How to Purchase a Good Business

Posted 02-09-2015 10:11 am by



When you are evaluating potential businesses to purchase, there could be hundreds of choices.  What should you be looking for?  How do you tell a good business from a bad one?  This article gives you some useful indicators that can help you narrow down your choices and pull out the good ones from the bad.

• Revenues.  The annual revenue amount gives you an idea of the size of the business.  Revenues that are too low may indicate a business that is too small for your goals, and revenues that are too high may indicate a business that is out of your budget.  Before you start your search, it is helpful to know the revenue range of the business you are looking to purchase.

• Number of Units Sold.  Is this a high volume, low margin business?  Or does the business make a few very expensive sales?  Knowing the number of units sold or the number of jobs performed can help you understand the business model. 

• Average Price of Units.  How does this compare to the industry?  Are their prices on the low-end, middle-end, or high-end of the market? 
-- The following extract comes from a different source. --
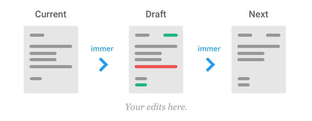 Immer와 같은 솔루션은 mutable 코드를 작성하고 immutable하게 실행되도록 해줍니다. 기본 idea는 현재 상태의 대리자인 draft 상태를 변화 시키는 것입니다. mutation이 완료되었다면 immer는 draft state의 변화에 근거하여 다음 state를 생성할 것입니다.

• Gross Margin and Markups.  What is their gross margin and markups, and how does it compare with the industry average?

• Profit Margin.  At the end of the day, what is their profit margin?  A low profit margin may be a bad sign, indicating that the industry is tough to be in.  Or it might be a value-add opportunity if the average profit margin for the industry is much higher, and the seller simply has operating expenses that are too high. 

• Owner’s Discretionary Income.  Many business owners intentionally report a low net number on their tax returns to minimize their tax obligation.  To find out how profitable the business truly is, one should add back expenses such as depreciation, owner’s salary, and other expenses that are more personal in nature.  In many cases, the value of the business is based on a multiple of the owner’s discretionary income.

• Number of Employees.  Knowing the ratio between the number of employees and the annual revenues, and comparing this ratio to the industry average, can give you an idea of how efficiently the business is run.  A business that is too lean might experience employee burnout and high turnover, and a business that is not lean enough has payroll that is too high.  

• How Much Employees Are Paid.  Knowing the compensation structure of the staff can help you gauge the competitiveness of the business with other employers.

• Current Owner’s Advertising Methods.  How are current customers finding out about the business?  Knowing how the business is currently marketing itself can give you clues on the expansion potential of the business.

• Size of Customer Base.  A business with a lot of customers is more diversified, and therefore lower risk, than a business that depends most of its revenues on a few high-paying customers.

• How Well Customer Records Are Kept.  Does the business keep good records?  Having good customer records such as e-mail, phone number, and addresses will allow you to send additional promotional offers to the existing customers.

• Any Expansion Potential.  How easy would it be to grow this business?  Or is it “maxed out” in capacity? 

• Position Relative to Competition.  How many competitors are there for this business?  How easy is it for new competitors to enter the market?  What is the competitive advantage of this business, and how easy is it to copy?

• Location of the Business.  Depending on the industry, the location may play an important role in the success of the business.
 
• Trends in the Last 3 to 5 Years.  What trends can you see in the last 3 to 5 years?  Is the business trending up over the last few years, staying the same, or trending down?  What about the overall trend of the industry?  Is the industry growing, staying the same, or declining?  What about the area?  Is the area growing, staying the same, or declining?  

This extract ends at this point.